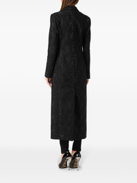 monogram crystal double-breasted coat Highlights - Black - Crystal embellishment - Monogram pattern - Double-breasted button fastening - Peak lapels - Long sleeves - Two front flap pockets - American rear vent - Straight hem Made in Italy Composition Outer: Cotton 100%, glass 100%, Virgin Wool 70%, Polyamide 20%, Cashmere 10% Lining: Viscose 51%, Acetate 49%
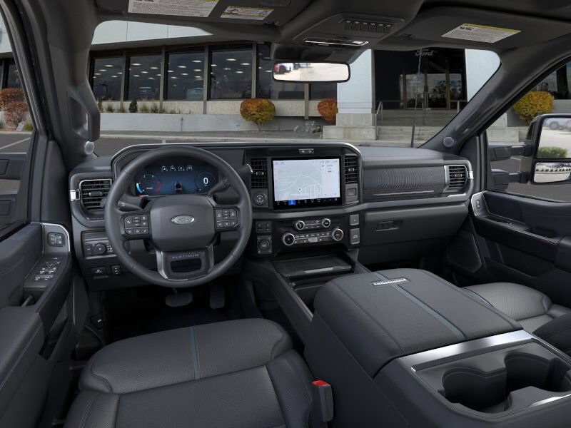 ENGINE: 6.7L HIGH OUTPUT POWER STROKE V8 DIESEL Turbo diesel B20, manual push-button engine-exhaust braking and Operator Commanded Regeneration (OCR), 48 Gallon Fuel Tank, 250 Amp Alternator, GVWR: 12,400 lb Payload Package, 3.31 Axle Ratio, Dual 68 AH AGM 750 CCA Batteries, TWIN PANEL POWER MOONROOF map lights and moonroof switches, TOUGH BED SPRAY-IN BEDLINER tailgate-guard, black box bed tie-down hooks and black bed attachment bolts, SECURICODE KEYLESS ENTRY KEYPAD (DRIVERS SIDE) Integrated into the B-pillar, ELECTRONIC-LOCKING W/3.55 AXLE RATIO, TRANSMISSION: TORQSHIFT 10-SPEED AUTOMATIC SelectShift and selectable drive modes: normal, eco, slippery roads, tow/haul and off-road (STD). Ford Platinum with Carbonized Gray exterior and Black Onyx interior features a 8 Cylinder Engine with 500 HP at 2600 RPM*.
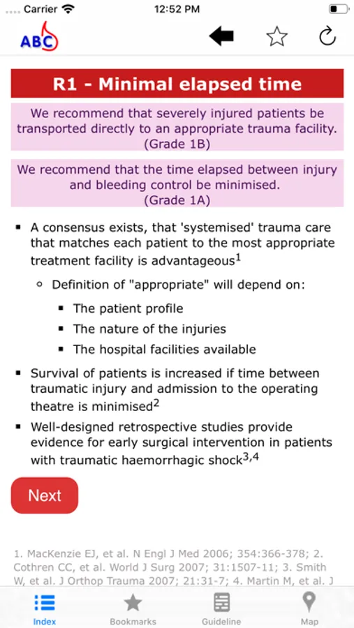 This clinical practice guideline provides evidence-based recommendations that aim to support the acute management of the bleeding trauma patient, which when implemented may improve patient outcomes.
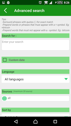 -Advanced search news by title,date,source or language .
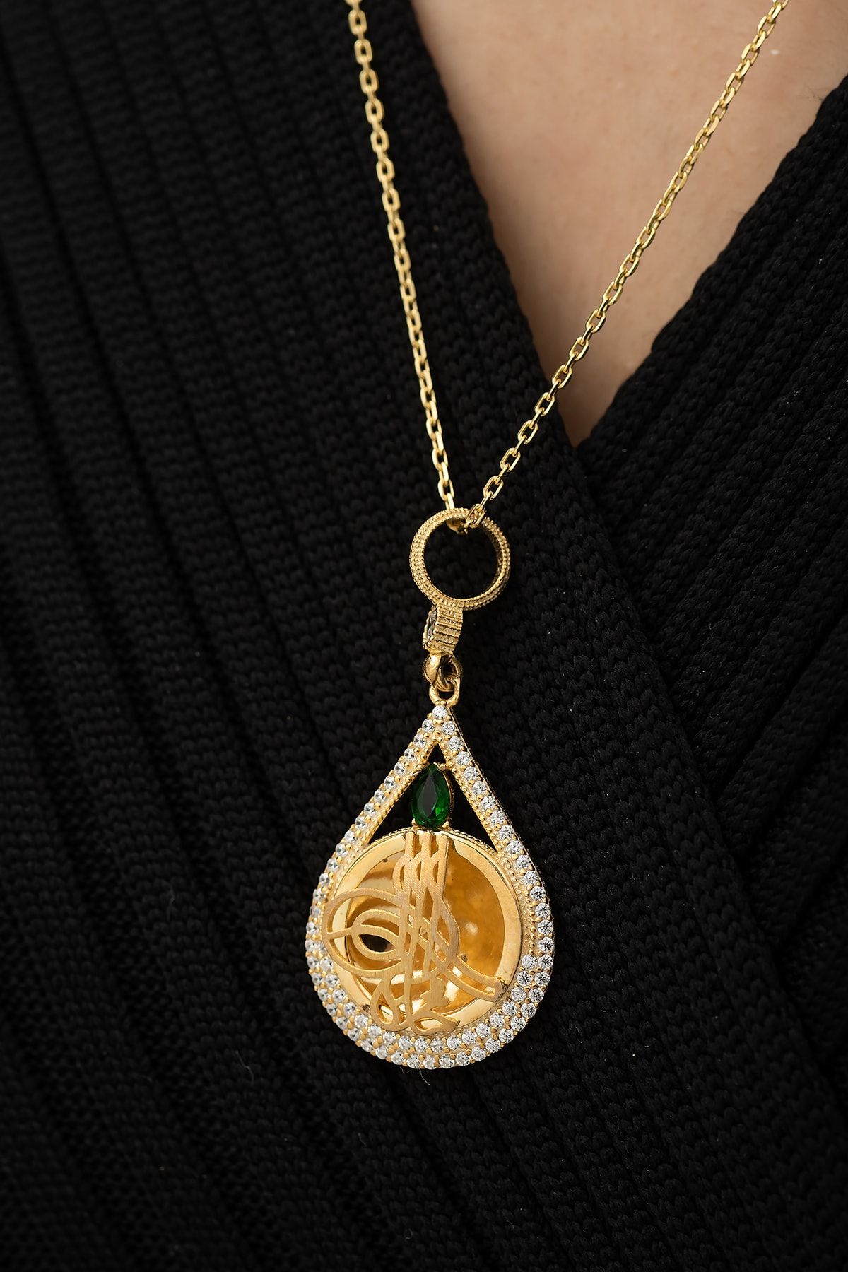 Osmanlı Tuğra Kolye Damla Formlu Nano Zirkon Taşlı 14 Ayar Altın Kaplama 925 Ayar Gümüş UVPS100482Maden : 925 Ayar Gümüş.Kaplama : 14 Ayar AltınDeğerli Taş : Nano ZirkonRenk : AltınZincir uzunluğu : 55 cm.Ürün ağırlığı : 10,00. Gr (+-).Teslimat: Papatya Silver tarafından Ürün ahşap hediye kutusunda gönderilecektir.

··········

§ TASK
Pictures stay out, and every line of the records is transcribed exactly.

§ ANSWER TO THIS EXERCISE
 monogram crystal double-breasted coat Highlights - Black - Crystal embellishment - Monogram pattern - Double-breasted button fastening - Peak lapels - Long sleeves - Two front flap pockets - American rear vent - Straight hem Made in Italy Composition Outer: Cotton 100%, glass 100%, Virgin Wool 70%, Polyamide 20%, Cashmere 10% Lining: Viscose 51%, Acetate 49%
 ENGINE: 6.7L HIGH OUTPUT POWER STROKE V8 DIESEL Turbo diesel B20, manual push-button engine-exhaust braking and Operator Commanded Regeneration (OCR), 48 Gallon Fuel Tank, 250 Amp Alternator, GVWR: 12,400 lb Payload Package, 3.31 Axle Ratio, Dual 68 AH AGM 750 CCA Batteries, TWIN PANEL POWER MOONROOF map lights and moonroof switches, TOUGH BED SPRAY-IN BEDLINER tailgate-guard, black box bed tie-down hooks and black bed attachment bolts, SECURICODE KEYLESS ENTRY KEYPAD (DRIVERS SIDE) Integrated into the B-pillar, ELECTRONIC-LOCKING W/3.55 AXLE RATIO, TRANSMISSION: TORQSHIFT 10-SPEED AUTOMATIC SelectShift and selectable drive modes: normal, eco, slippery roads, tow/haul and off-road (STD). Ford Platinum with Carbonized Gray exterior and Black Onyx interior features a 8 Cylinder Engine with 500 HP at 2600 RPM*.
 This clinical practice guideline provides evidence-based recommendations that aim to support the acute management of the bleeding trauma patient, which when implemented may improve patient outcomes.
 -Advanced search news by title,date,source or language .
 Osmanlı Tuğra Kolye Damla Formlu Nano Zirkon Taşlı 14 Ayar Altın Kaplama 925 Ayar Gümüş UVPS100482Maden : 925 Ayar Gümüş.Kaplama : 14 Ayar AltınDeğerli Taş : Nano ZirkonRenk : AltınZincir uzunluğu : 55 cm.Ürün ağırlığı : 10,00. Gr (+-).Teslimat: Papatya Silver tarafından Ürün ahşap hediye kutusunda gönderilecektir.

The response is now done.